The report indicates that equity investment firms increased their exposure to venture capital, alternative markets, and private equity by up to 43%. Institutions with a high level of exposure to alternative investment assets such as Bitcoin, the report states, “outperformed their peers in the short and long term”. Fidelity Digital Assets says:

(…) the interest in bitcoin and other non-yield-generating alternative investments could also increase in response to the Federal Reserve (and many other central banks) cutting their benchmark interest rate to zero (or below zero) this year. In a world where benchmark interest rates globally are near, at, or below zero, the opportunity cost of not allocating to bitcoin is higher.

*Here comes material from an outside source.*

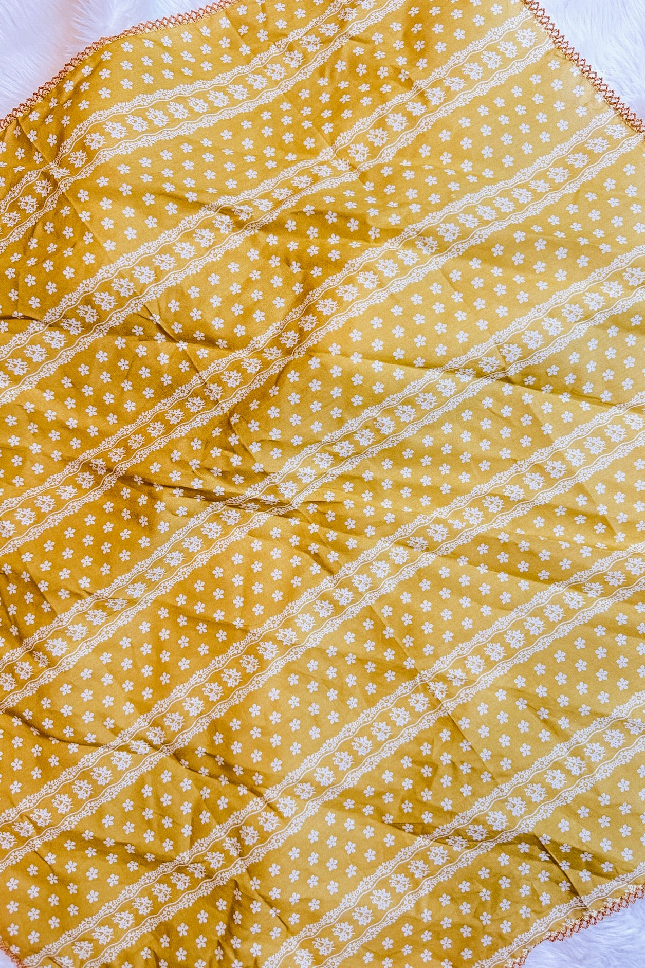 Add a splash of sunshine to your outfit with the Marigold & White Floral Neck Scarf. Its cheerful floral pattern brightens any look, while the soft fabric keeps you comfy all day. Perfect for tying around your neck, wrist, or even your bag, this scarf adds a playful touch wherever you go.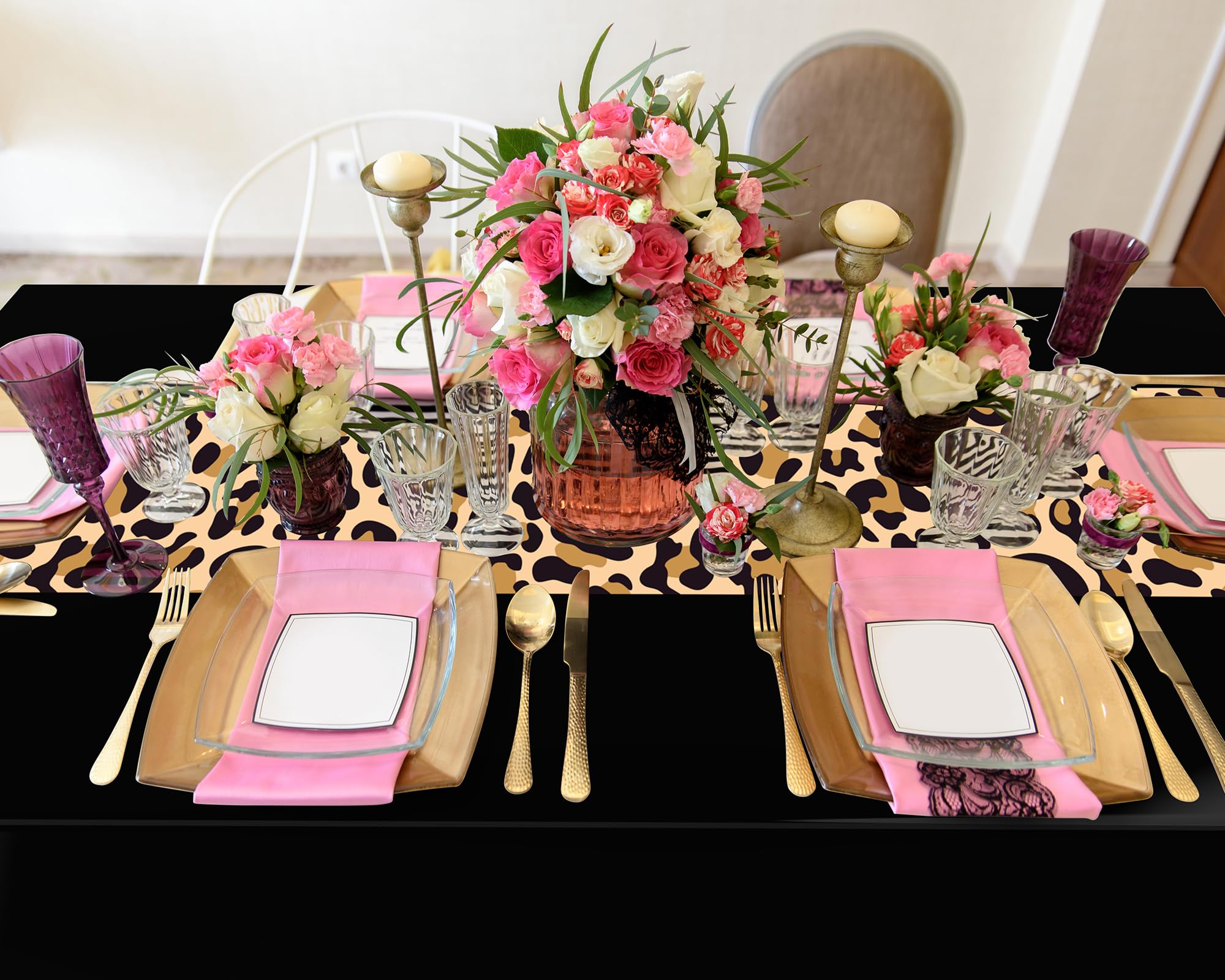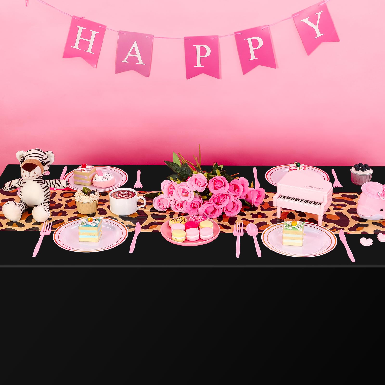 Eye Catching Design: featuring a vibrant leopard pattern overlaid on a black backdrop, these animal tablecloths are sure to attract attention; The novel design, paired with bold colors, can add an extra touch of elegance to your party decoration

Bitcoin and its correlation with other assets

When studying the daily returns of Bitcoin for a period of 5 years (2015-2020), the report found that its average correlation to other assets is 0.11. Therefore, the report states that the cryptocurrency presents gains independent of other assets. BTC’s correlation with gold is 0.11, with U.S. shares at 0.15 and with international shares at 0.14, as shown below.

Bitcoin BTC


This calls into question the thesis that has prevailed in the market about a possible correlation between Bitcoin and the traditional market. The report cites a Yale research that outlines that Bitcoin’s performance responds to “cryptocurrency-specific factors”. For example, the effect of negative or positive investor attention and momentum. The report states:

(…) the trend that an asset is likely to continue increasing in value if it has just increased in value. This is in line with the idea that bitcoin is reflexivexvi in that price and sentiment experience a self-reinforcing effect. The second factor that influences bitcoin price is investor attention as measured by Twitter post counts for “bitcoin” and Google search data series.

Bitcoin BTC


However, the report indicates that the maturation of Bitcoin as an investment asset will increase its correlation with the traditional market. By hypothesizing on the placement of 5% of the alternative investment asset portfolios in Bitcoin, Fidelity Digital Assets indicated that the cryptocurrency could see an exponential increase in its market capitalization:

If Bitcoin were to capture 5% of the alternatives market as measured by CAIA (Chartered Alternative Investment Analysts), that would equate to an incremental $670 billion growth in its market size. If it were to capture 10%, that would expand its market size by $1.3 trillion.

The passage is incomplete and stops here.